The above information contains forward-looking statements that provide our
expectations or forecasts of future events such as the tender offer and
transactions contemplated by the merger agreement, new product introductions,
product approvals and financial performance.

Such forward-looking statements are subject to risks, uncertainties and
inaccurate assumptions. This may cause actual results to differ materially from
expectations and it may cause any or all of our forward-looking statements here
or in other publications to be wrong. Factors that may affect future results
include interest rate and currency exchange rate fluctuations, delay or failure
of development projects, production problems, unexpected contract breaches or
terminations, government-mandated or market-driven price decreases for our
products, introduction of competing products, our ability to successfully
market both new and existing products, exposure to product liability and other
lawsuits, changes in reimbursement rules and governmental laws and related
interpretation thereof, unexpected growth in costs and expenses, the
possibility that the transaction may not be consummated or that the expected
benefits of the transaction may not materialize as expected, Lundbeck’s and
Chelsea’s ability to timely complete the transaction, if at all, or to, prior
to the completion of the transaction, if at all, satisfy all closing
conditions, the possibility that the merger agreement may be terminated, and
the impact of the current economic environment, fluctuations in operating
results, market acceptance of NORTHERA, and other risks that are described in
Chelsea’s Annual Report on Form 10-K for the year ended December 31, 2013 and
in its subsequently filed SEC reports. Neither Lundbeck nor Chelsea undertakes
any obligation to update these forward-looking statements except to the extent
otherwise required by law.

Certain assumptions made by Lundbeck are required by Danish Securities Law for
full disclosure of material corporate information. Some assumptions, including
assumptions relating to sales associated with product that is prescribed for
unapproved uses, are made taking into account past performances of other
similar drugs for similar disease states or past performance of the same drug
in other regions where the product is currently marketed.
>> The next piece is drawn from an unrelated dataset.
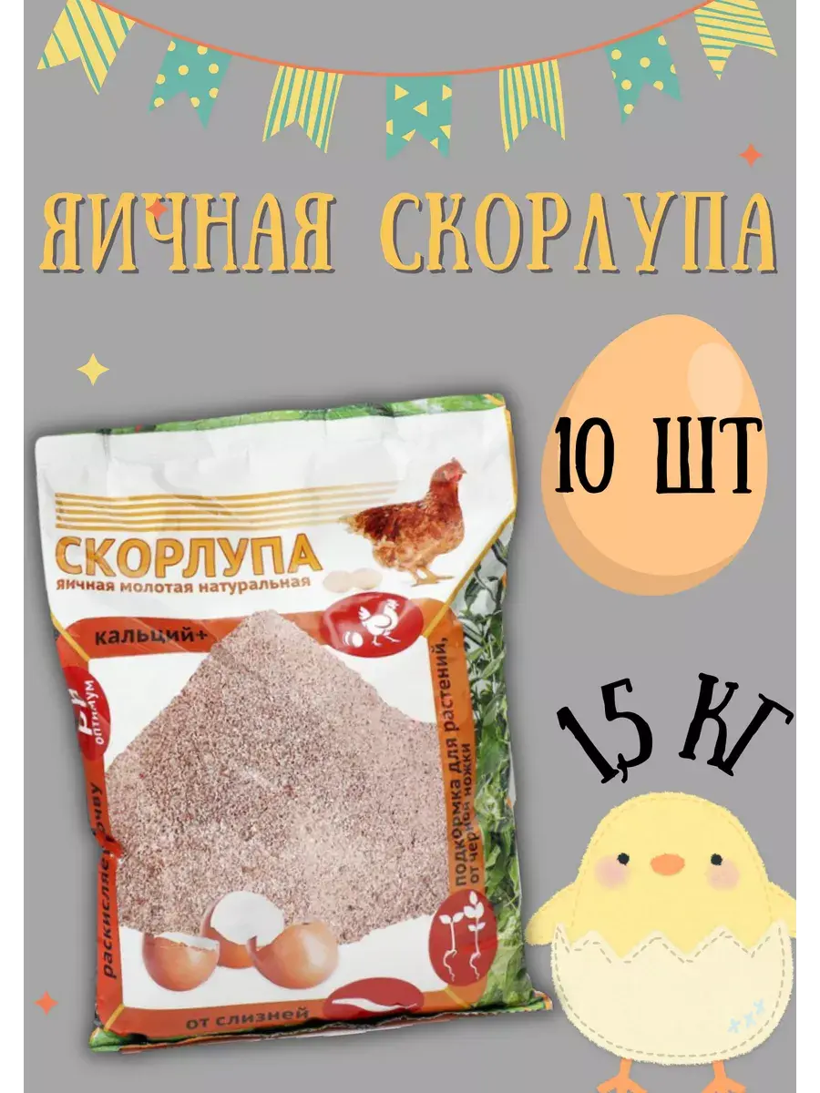 Скорлупа яичная молотая натуральная - это продукт, который получают путем измельчения яичной скорлупы. Она используется в качестве кормовой добавки для птиц, которая помогает улучшить их здоровье и укрепить кости. Если куры несушки испытывают нехватку кальция, они начинают нести мягкие яйца или перестают нестись совсем, начинают с удовольствием поедать скорлупу собственных яиц. Чтобы этого избежать, нужно добавлять в рацион кур кальций. Самое распространенное народное средство подкормка для куриц несушек – яичная скорлупа. Подкормка поможет укреплению костей и суставов, что особенно важно для птиц, находящихся в период интенсивного производства яиц или роста. Польза подкормки кур и цыплят яичной скорлупой заключается в следующем: поступление в организм птиц важнейших микро- и макроэлементов, в т. ч. и магния, поддерживающих активный рост и здоровье организма; обеспечение птиц легкоусвояемым кальцием; улучшение пищеварительной системы; утолщение скорлупы новых яиц; укрепление костной системы птиц, когтей и клюва; улучшение внешнего вида кур и цыплят; нормализация работы сердечно-сосудистой системы. Способ применения прост: просушенную в духовом шкафу около 5 минут при температурном режиме в 100 градусов скорлупу измельчают до состояния муки и подмешивают в комбикорм для кур. При этом в рационе птенцов она должна занимать 2% от объема пищи, то есть около 1,1-1,3 г в сутки. Куры-несушки нуждаются в большем количестве кальция, так как он постоянно расходуется на формирование оболочки новых откладываемых ими яиц. Не всегда корм для кур-несушек для яйценоскости может обеспечить курицу всеми необходимыми микроэлементами. Поэтому для данной категории кур подкормка в виде измельченной яичной скорлупы должна составлять около 5% от общего рациона, то есть около 3,5 г в сутки. В период интенсивной яйцекладки норму можно увеличить до 10 г в сутки.

It is important to
note that although physicians may, as part of their freedom to practice
medicine in the United States, prescribe approved drugs for any use they deem
appropriate, including unapproved uses, at Lundbeck, promotion of unapproved
uses is strictly prohibited.

[i] Freeman R, Wieling W, Axelrod FB, et al. Consensus statement on the
definition of orthostatic hypotension, neurally mediated syncope and the
postural tachycardia syndrome. Clin Auton Res 2011;21:69-72

[ii] Freeman R. Clinical practice. Neurogenic orthostatic hypotension. N Engl J
Med 2008;358:615-624. 3. Goldstein DS, Holmes C, Kaufmann H, Freeman R.
Clinical pharmacokinetics of the norepinephrine precursor L-threo-DOPS in
primary chronic autonomic failure. Clin Auton Res 2004;14:363-368.